The old 1TB iSCSI could do the job, after being removed and re-created, as this one is old (v5.61) and has mbr as format and should be gpt.
After recreation of newly VMFS, make new DS for move of SSD-data, and perform the same on those DS's.

DG.

Post by **admin** » 04 May 2021, 15:58

We have a VM which has an extra (S)ATA disk, direct attached (RDM).
When you move this machine it will copy all data of the direct attached data too, which we don't want!
https://kb.vmware.com/s/article/1005241

Started a move which would take 11 hours?
How to stop / kill such kind of job, a running process within ESXi?

Found a solution on:
https://serverfault.com/questions/88925 ... -interface
Enable SSH, log into it, and execute:

Code: Select all

/etc/init.d/hostd restart

You web-GUI will also be reset.

We connect this extra disk back to the VM, later on, so that data should not be touched.

Steps to take for such VM:

1 - Power down the VM.
2 - Remove the direct attached disk.

Hard disk 2, in the picture below should be removed, but keep those settings to place back later!
This one also uses LSI Logic SAS Controller, leave that one in the VM.

3 - Move the VM (without attached vmdk file).
4 - Attach the disk to the VM.
5 - Test VM.

What has been done:

(1) - Power down the VM. Done
(2) - Remove the direct attached disk. Done
It will even ask to delete the data from the datastore (don't click on that one, or the attached disk will get empty.)

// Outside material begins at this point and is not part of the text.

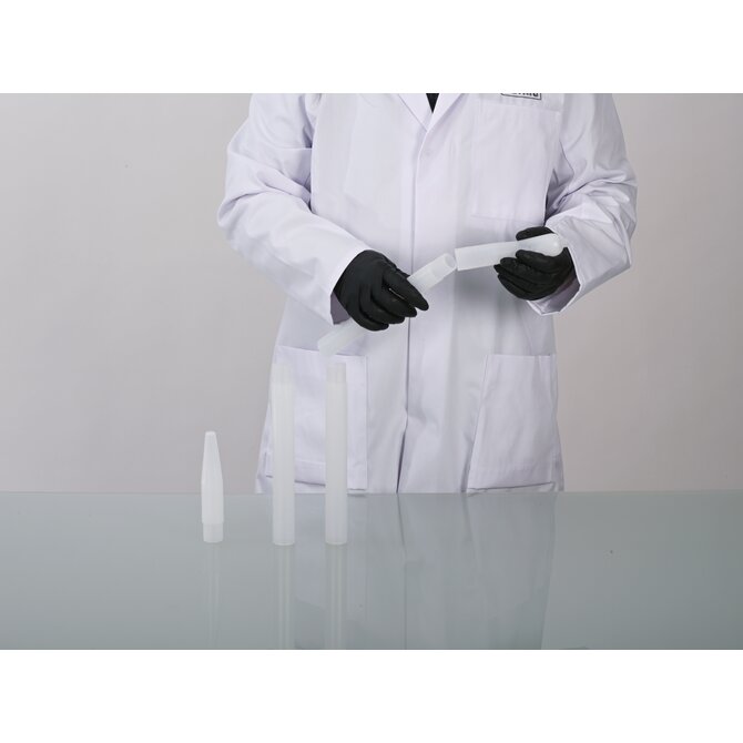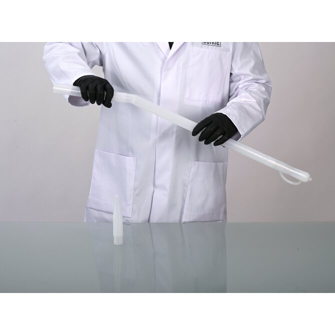I campioni vengono prelevati direttamente nella bottiglia di campionamento originale avvitata. La chiusura a prova di manomissione di questi flaconi con l'anello di sicurezza originale garantisce il trasporto del campione in modo inalterato. I campioni possono essere prelevati fino a 200 cm di profondità, ad esempio da serbatoi, silos o cisterne, utilizzando l'asta di prolunga.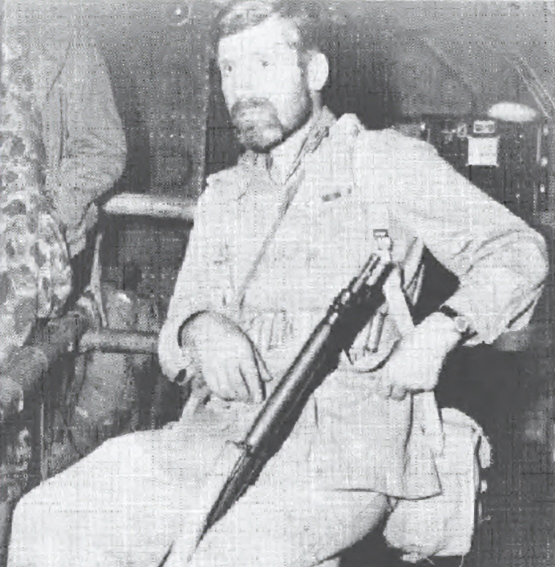 温盖特少将生前的最后一批照片之一,第二次“钦迪特”远征期间,他坐在C-47运输机上,腿上倚着一支步枪。

But we still see the .vmdk file of 1TB within the datastore of this VM, weird.

Should we remove that one? Will we keep the data? I don't know.
Within the VM settings the disk is gone.

As we want to use the datastore browser move function to move this VM, we'll check on CLI first.

Datastore04 itself is 480GB. with one file of 931.5GB inside?

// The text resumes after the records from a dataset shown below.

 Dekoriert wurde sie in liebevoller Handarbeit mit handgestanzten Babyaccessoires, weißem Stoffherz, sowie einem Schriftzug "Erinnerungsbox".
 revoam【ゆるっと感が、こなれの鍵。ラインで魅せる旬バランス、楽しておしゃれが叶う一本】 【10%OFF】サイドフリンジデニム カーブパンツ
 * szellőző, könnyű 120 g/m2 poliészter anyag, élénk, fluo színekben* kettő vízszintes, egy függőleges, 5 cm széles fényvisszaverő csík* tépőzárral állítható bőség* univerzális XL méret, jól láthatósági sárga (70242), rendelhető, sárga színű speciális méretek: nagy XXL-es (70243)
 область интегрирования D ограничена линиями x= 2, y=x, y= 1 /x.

Leave the file SATA_RDM_1.vmdk as this is only the pointing to the extra disk. (Can be removed too.)
Delete the 931.5G vmdk file, SATA_RDM_1-rdmp.vmdk.
And we'll see if the 'real' data will be gone.
Now MOVE the VM-folder to other datastore.

Real data is NOT gone, but the RDM (Raw Drive Mapping) disk should be re-created on the new location.
Also a CLI copy command (to other datastore) would have copied the data of the additional disk, I presume.
As the move of the VM from web-GUI was doing.

SATA_RDM_1.vmdk & SATA_RDM_1-rdmp.vmdk - Are the 'mapping's that should be re-created.

How did we create this RDM in the first place?

Found it again:
https://gist.github.com/Hengjie/1520114 ... 7af4b3a064

You have to create drive mapping from the Physical disk to VM location.
Use of SSH and command: vmkfstools -z (--createrdmpassthru /vmfs/devices/disks/...)

In my case:

Code: Select all

vmkfstools -z /vmfs/devices/disks/t10.ATA_____WDC_WD10EADS2D00M2B0__________________________WD2DWMAV50262135 "/vmfs/volumes/datastore01/LDZM_203/SATA_RDM_1.vmdk"

This new rdm-drive (SATA_RDM_1.vmdk) needs to be added by editing the VM settings (add existing hard disk), before power on the VM.
This VM was running on SSD (VMFS5) and runs now on iSCSI (VMFS6) with its ATA disk direct attached.

Next we can re-create VMFS6 on the SSD (and copy back again , LOL )

DG.

Post by **admin** » 06 May 2021, 17:07

Removing the old datastore04 will not work (yet), it keeps kinda busy or in use ?

We did have the swap location also on datastore04, so removing it will be a problem.
Searched the internet how to solve without rebooting ESXi, but all do not work.

We deleted all files from it (except .dds.sf, which can not be deleted, is used by VMFS).

swap:
Stop swap, change swap's location, start swap.
All settings get back to their original, although web-GUI returns successfully changed settings (... NOT).
If you refresh, the old values are still there, not the new ones.

Syslog server:
ESXi keeps telling me that datastore04 is in use.
Restarting (or change policy), does not have any effect, all old settings (also advanced settings) are set back to original values.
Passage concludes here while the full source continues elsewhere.